I've gotten exposure to the most iconic trio of Python modules (pandas, matplotlib, numpy) and more. Here's a brief summary of the modules I've used, and how:

**pandas**

Pandas (Python Data Analysis Library) is a library which helps structure and analyze data. Mostly I've done basic operations on dataframes with pandas. Sample formulas used:

- DataFrame()
- read_csv()
- read_excel()
- describe()
- isnull()
- notnull()
- sum()
- .shape
- head()
- .dtypes
- unique()
- copy()
- fillna()
- dropna()
- .loc
- median()
- drop()
- get_dummies()
- rename()
- as_matrix()
- .T
- .I

**matplotlib**, **matplotlib.pyplot**, and **mpl_toolkits.mplot3d**

Matplotlib is a package and pyplot is a module which are designed to make plotting easier. Pyplot is described as "providing the state-machine interface to the underlying plotting library in matplotlib". I don't really know what that means yet. However, I do know that when I import matplotlib.pyplot as plt, and call functions like plt.plot, it works.

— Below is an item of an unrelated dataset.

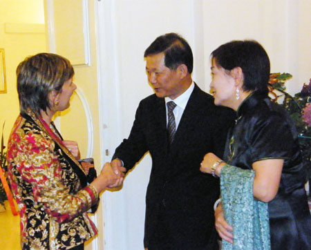 孫玉璽大使和夫人歡迎意大利客人。

I've plotted histograms, scatter plots, lines, and legends, in 2D and 3D. I've set limits to the axes, labelled them, added titles, and denoted figure size. I've plotted vectors (arrow()) and matrices (fill())

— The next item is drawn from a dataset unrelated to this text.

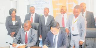 Universal Communications Service Access Fund managing director Peter Ulanga and Halotel Tanzania managing director Le Van Dai ink a deal in Dar es Salaam on building 47 towers to improve communication in rural areas last year. Witnessing the signing are minister Makame Mbarawa (third left standing) and senior officials. PHOTO | FILE

The documentation also mentioned matplotlib.pylab, and mentioned IPython and making plots interactive. In the Google Colab notebooks for Lambda School, I was never able to get

%matplotlib notebook

to work (ie, to make the plots interactive, specifically the 3d ones (such as mpl_toolkits.mplot3d). It never showed the plots, not even with plt.show(). I just submitted the assignments on December 18th, so hopefully I'll get feedback from Lambda about it, but otherwise maybe I could try pylab.

**numpy**

I've used numpy mainly for linear algebra. Sample of functions used:

- add()
- multiply()
- dot()
- matrix()
- linalg.det()
- linalg.inv()
- ones()
- matmul()
- unique()

**sklearn**

I've used sci-kit-learn for a variety of regression and classification models including:

- KNeighborsRegressor
- LinearRegression
- DecisionTreeRegressor
- make_pipeline(PolynomialFeatures)
- LogisticRegression
- DecisionTreeClassifier
- RandomForestClassifier
- train_test_split
- export_graphviz
- mean_absolute_error
- accuracy_score
- confusion_matrix
- recall_score

**graphviz** and **dtreeviz**

I used these to visualize the decision trees from sklearn.

**seaborn**

Seaborn is a data visualization library. Documentation says it is based on matplotlib. Experience says the graphs it produces are prettier than pyplot. I'm not sure there's any other significant difference. I've used distplots, jointplots, scatters, barplots, and the load_dataset feature (for the diamonds dataset).

**statistics**

Statistics is a great module which quickly calculates statistics of numeric data. I used this for quick mean(), median(), and mode() calculations, as well as stdev().

**random**

Random, as you may be able to tell from the name, implements pseudo-random number generators. I've used choice(), choices(), and randint(). Choices() is used (with default replacement) to create bootstrap samples.

**statsmodel**

I used this one time to create an OLS model (ordinary least squares) because a google search led me to believe it was the easiest way to find the coefficients for the plane of best fit on the stretch problem on the Lambda School assignment 6. Note - as of time of writing I'm seeking feedback from Lambda School on graphing the plane itself as I was not able to figure it out playing around with it.

**itertools **

Itertools is a module which implements a bunch of useful building blocks for iteration. So far I've only used *takewhile() *and *cycle()*.

**functools **

I've only used this to import reduce to create lambda functions to calculate mean:

```
from functools import reduce
def findMean(numbers):
total = reduce(lambda x, y: x+y, numbers)
mean = total/len(numbers)
return mean
```

**collections**

Collections is a module which is described in documentation as implementing specialized container datatypes as alternatives to the built-in containers of *dict*,* list*,* set*, and *tuple*. I used it for the Counter container, in a formula put together to return mode for multimodal data (using Collection's built-in most_common() function).